You first need to get a token by calling the API with your secret_key and custom_id :

Curl Python
```bash curl \ -X POST \ -H "Content-Type: application/json" \ -d '{"secret_key": "YOUR_SECRET_KEY", "custom_id":"YOUR_CUSTOM_ID"}' \ http://YOUR_SERVER_URL/opencaptureformem/get_token ``` ```python import requests url = "http://YOUR_SERVER_URL/opencaptureformem/get_token" data = {"secret_key": "YOUR_SECRET_KEY", "custom_id": "YOUR_CUSTOM_ID"} headers = {"Content-Type": "application/json"} response = requests.post(url, json=data, headers=headers) print(response.json() if response.status_code == 200 else f"Erreur: {response.status_code} - {response.text}") ```

Then you'll get a token that you'll have to use in the next request.

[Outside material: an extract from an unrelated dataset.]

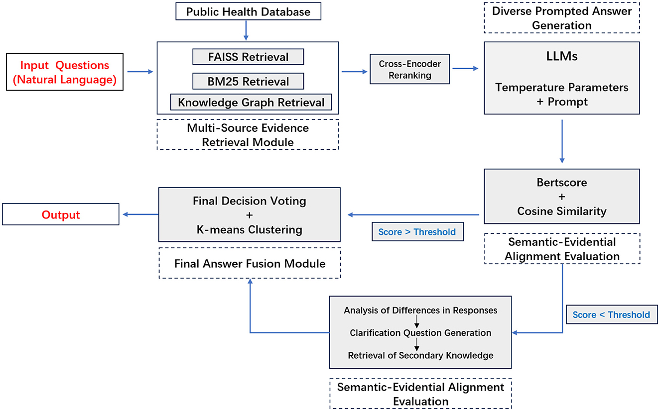 First, the Multi-Source Evidence Retrieval (MSER) Module aggregates heterogeneous information through FAISS-based dense retrieval, BM25 keyword search, and biomedical knowledge graphs, thereby improving both recall and factual grounding (30–32). Second, the Diverse Prompted Answer Generation (DPAG) Module generates multiple candidate answers via prompt-based LLM sampling, which are then reranked using cross-encoder relevance scoring (33). Third, the Semantic-Evidential Alignment Evaluation (SEAE) Module evaluates answer consistency by calculating cosine similarity and BERTScore-based alignment with the retrieved evidence (34–36). Finally, the Discrepancy-Identified Self-Clarification (DISC) Module detects semantic divergence across answers, formulates clarification questions, and performs secondary retrieval with knowledge-guided editing to resolve conflicts.

Here are some possible responses :

Status Response
200 ```json { "token":"XXXXXXXX-XXXXXXXXX-XXXXXXXXX-XXXXXXXXX" } ```
400 ```json { "message":"Invalid secret key" } ```
500 Internal Server Error

Upload files

A request to the API to upload files will look like this :

Curl Python
```bash curl \ -X POST \ -H "Content-Type: application/json" \ -H "Authorization: Bearer GENERATED_TOKEN" \ -d '{ "files": [{"file_content": "BASE_64_FILE_CONTENT", "file_name": "FILE_NAME"}], "custom_id": "YOUR_CUSTOM_ID", "process_name": "YOUR_PROCESS_NAME" }' \ http://YOUR_SERVER_URL/opencaptureformem/upload ``` ```python import requests url = "http://YOUR_SERVER_URL/opencaptureformem/upload" data = { "files": [{"file_content": "BASE_64_FILE_CONTENT", "file_name": "FILE_NAME"}], "custom_id": "YOUR_CUSTOM_ID", "process_name": "YOUR_PROCESS_NAME" } headers = { "Authorization": "Bearer GENERATED_TOKEN", "Content-Type": "application/json" } response = requests.post(url, json=data, headers=headers) print(response.json() if response.status_code == 200 else f"Erreur: {response.status_code} - {response.text}") ```

Here are some possible responses :

Status Response
200 ```json { "message":"All files processed successfully" } ```
400 ```json { "message":"custom_id XXXX not found in custom.json" } ```
400 ```json { "message":"Each file must have a 'file_name' and 'file_content' key" } ```
500 Internal Server Error

Get process list

A request to the API to get the list of available processes will look like this :

Curl Python
```bash curl \ -X POST \ -H "Content-Type: application/json" \ -H "Authorization: Bearer GENERATED_TOKEN" \ -d '{ "custom_id": "YOUR_CUSTOM_ID" }' \ http://YOUR_SERVER_URL/opencaptureformem/get_process_list ``` ```python import requests url = "http://YOUR_SERVER_URL/opencaptureformem/get_process_list" data = { "custom_id": "YOUR_CUSTOM_ID" } headers = { "Authorization": "Bearer GENERATED_TOKEN", "Content-Type": "application/json" } response = requests.post(url, json=data, headers=headers) print(response.json() if response.status_code == 200 else f"Erreur: {response.status_code} - {response.text}") ```

Here are some possible responses :

Status Response
200 ```json { "processes":["incoming","reconciliation_default","reconciliation_found"] } ```
400 ```json { "message":"Invalid or expired token" } ```
500 Internal Server Error

LICENSE

Open-Capture for MEM Courrier is released under the GPL v3.